> **Prompt**:
Only the pictures are to be dropped; the rest of the data below is to be duplicated exactly.
***** Recorded information
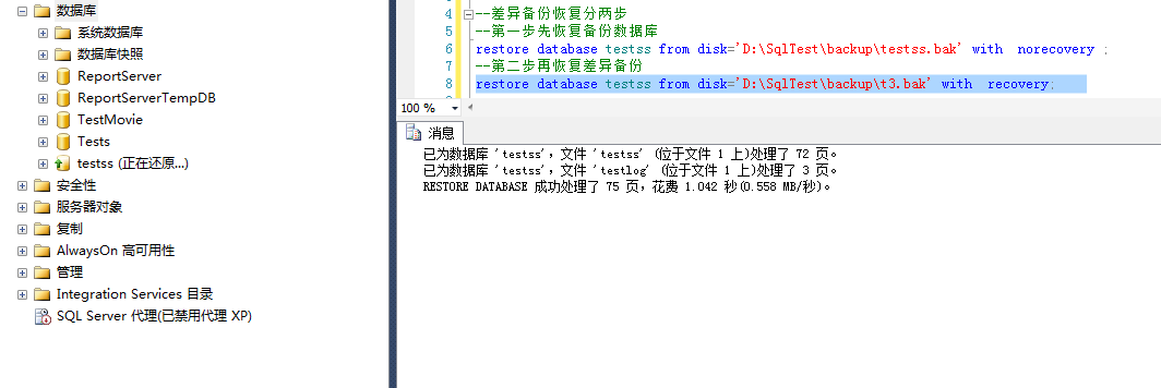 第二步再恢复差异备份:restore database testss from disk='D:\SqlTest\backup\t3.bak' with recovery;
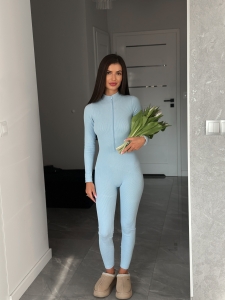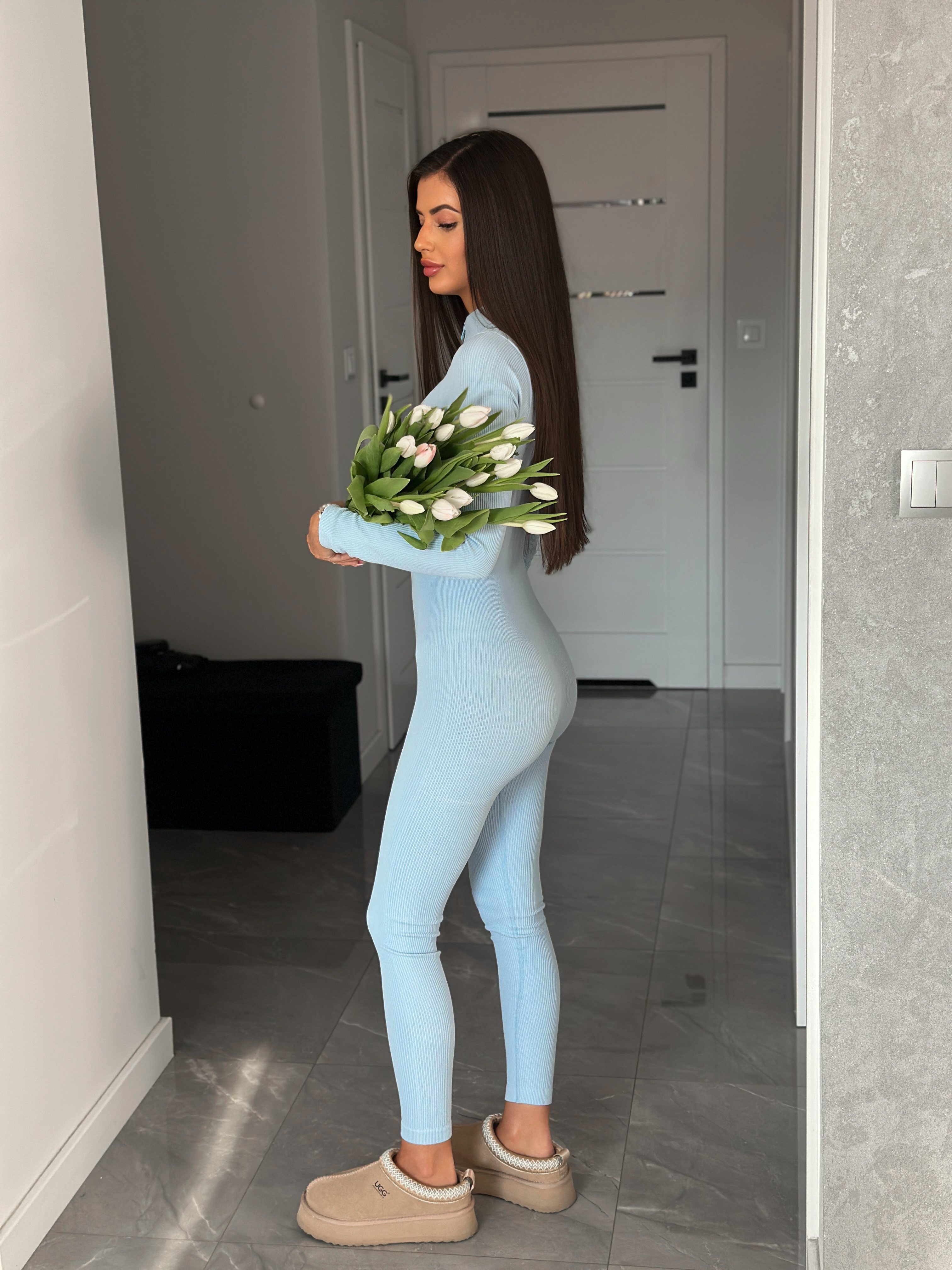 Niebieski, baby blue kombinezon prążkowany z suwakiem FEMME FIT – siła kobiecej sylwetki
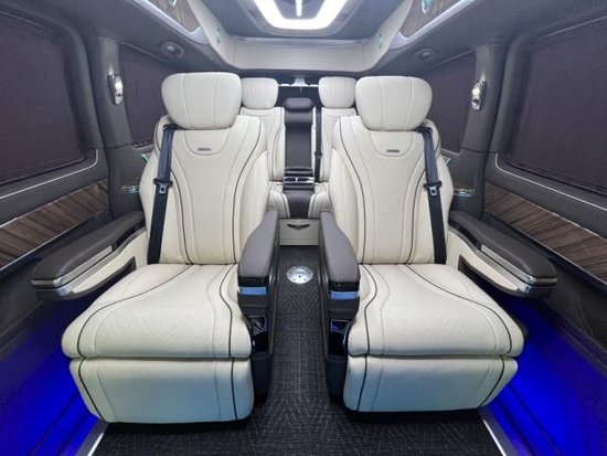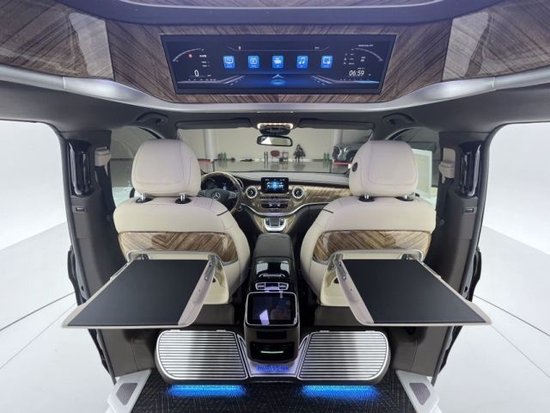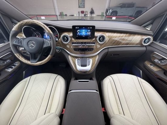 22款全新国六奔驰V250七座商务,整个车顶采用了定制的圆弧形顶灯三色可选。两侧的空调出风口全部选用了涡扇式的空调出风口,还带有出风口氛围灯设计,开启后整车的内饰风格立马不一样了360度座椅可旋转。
**********
> **Exercise response**:
 第二步再恢复差异备份:restore database testss from disk='D:\SqlTest\backup\t3.bak' with recovery;
 Niebieski, baby blue kombinezon prążkowany z suwakiem FEMME FIT – siła kobiecej sylwetki
 22款全新国六奔驰V250七座商务,整个车顶采用了定制的圆弧形顶灯三色可选。两侧的空调出风口全部选用了涡扇式的空调出风口,还带有出风口氛围灯设计,开启后整车的内饰风格立马不一样了360度座椅可旋转。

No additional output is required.